◆ TO DO: An exact copy is needed of the lines in the entries below from the line with "Das Haus Buschstraße" up to and including the line with "Escultura de ferro, paper", and of nothing else. Leave the pictures out.

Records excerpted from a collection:

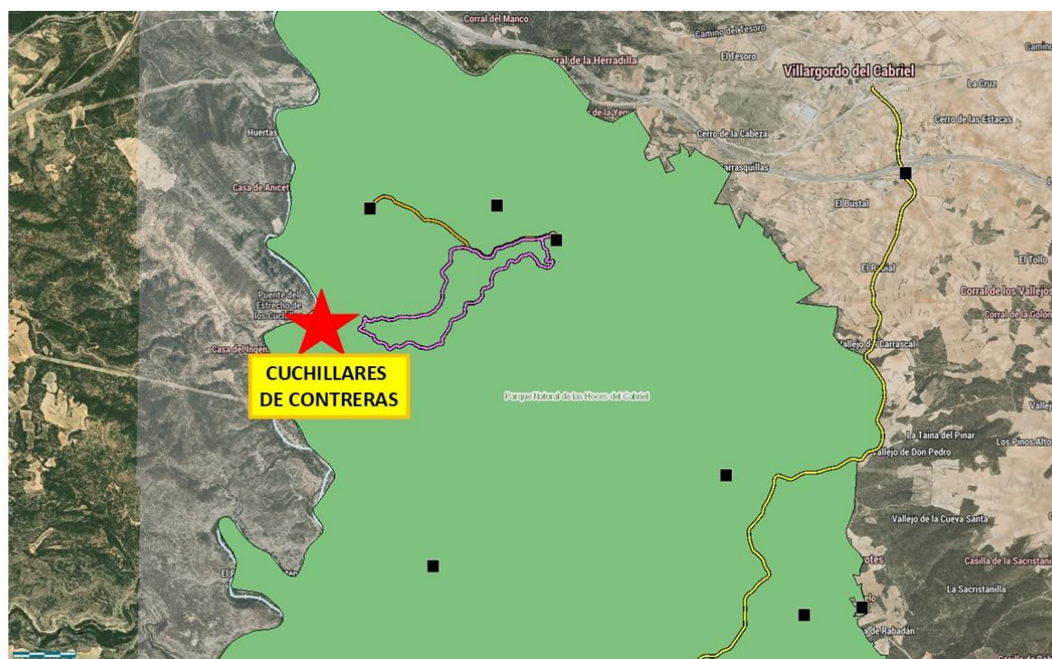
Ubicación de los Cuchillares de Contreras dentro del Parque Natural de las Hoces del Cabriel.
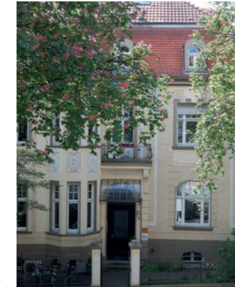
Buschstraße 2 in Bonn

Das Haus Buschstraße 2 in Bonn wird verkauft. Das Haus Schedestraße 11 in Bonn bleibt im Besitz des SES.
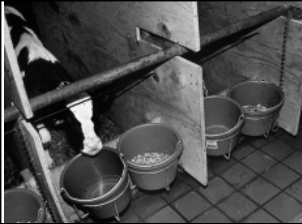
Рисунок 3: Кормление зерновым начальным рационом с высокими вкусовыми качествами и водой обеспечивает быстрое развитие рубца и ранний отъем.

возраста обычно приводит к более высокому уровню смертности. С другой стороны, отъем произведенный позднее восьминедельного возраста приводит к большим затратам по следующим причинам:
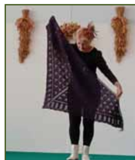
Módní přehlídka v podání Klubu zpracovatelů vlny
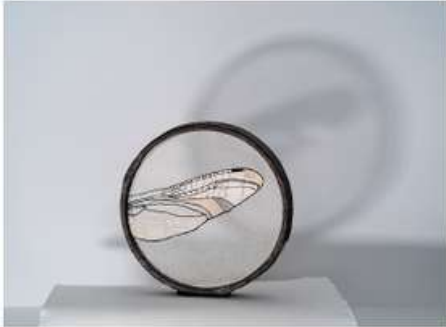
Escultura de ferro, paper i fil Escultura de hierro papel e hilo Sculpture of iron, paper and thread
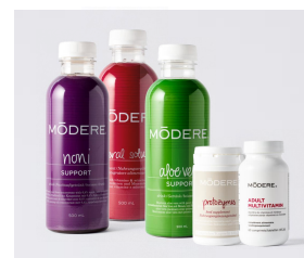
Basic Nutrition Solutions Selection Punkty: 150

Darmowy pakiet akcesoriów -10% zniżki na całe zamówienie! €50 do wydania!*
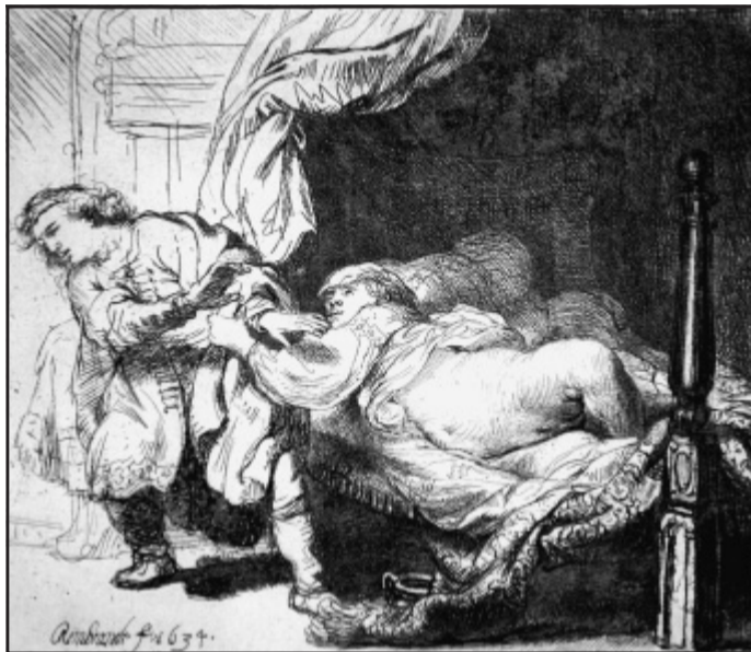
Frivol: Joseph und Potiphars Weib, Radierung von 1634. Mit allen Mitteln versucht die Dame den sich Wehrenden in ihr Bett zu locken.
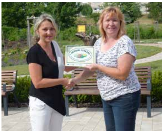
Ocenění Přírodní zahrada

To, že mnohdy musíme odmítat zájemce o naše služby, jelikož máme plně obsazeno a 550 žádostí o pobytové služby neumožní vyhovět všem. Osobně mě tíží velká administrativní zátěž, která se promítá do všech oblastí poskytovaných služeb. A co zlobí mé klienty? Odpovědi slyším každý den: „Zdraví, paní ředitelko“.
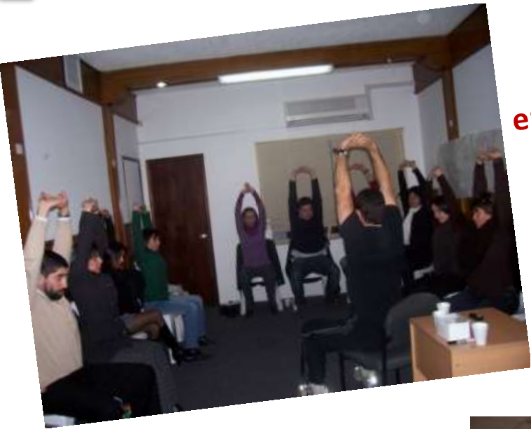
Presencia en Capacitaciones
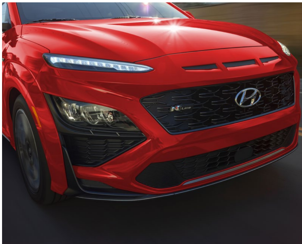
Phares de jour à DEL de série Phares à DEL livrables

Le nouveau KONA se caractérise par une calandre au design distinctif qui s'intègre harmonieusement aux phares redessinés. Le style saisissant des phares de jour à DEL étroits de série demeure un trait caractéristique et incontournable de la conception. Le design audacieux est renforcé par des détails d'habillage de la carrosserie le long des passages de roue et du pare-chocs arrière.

◆ RESPONSE TO THE TASK:
Das Haus Buschstraße 2 in Bonn wird verkauft. Das Haus Schedestraße 11 in Bonn bleibt im Besitz des SES.
Рисунок 3: Кормление зерновым начальным рационом с высокими вкусовыми качествами и водой обеспечивает быстрое развитие рубца и ранний отъем.

возраста обычно приводит к более высокому уровню смертности. С другой стороны, отъем произведенный позднее восьминедельного возраста приводит к большим затратам по следующим причинам:
Módní přehlídka v podání Klubu zpracovatelů vlny
Escultura de ferro, paper i fil Escultura de hierro papel e hilo Sculpture of iron, paper and thread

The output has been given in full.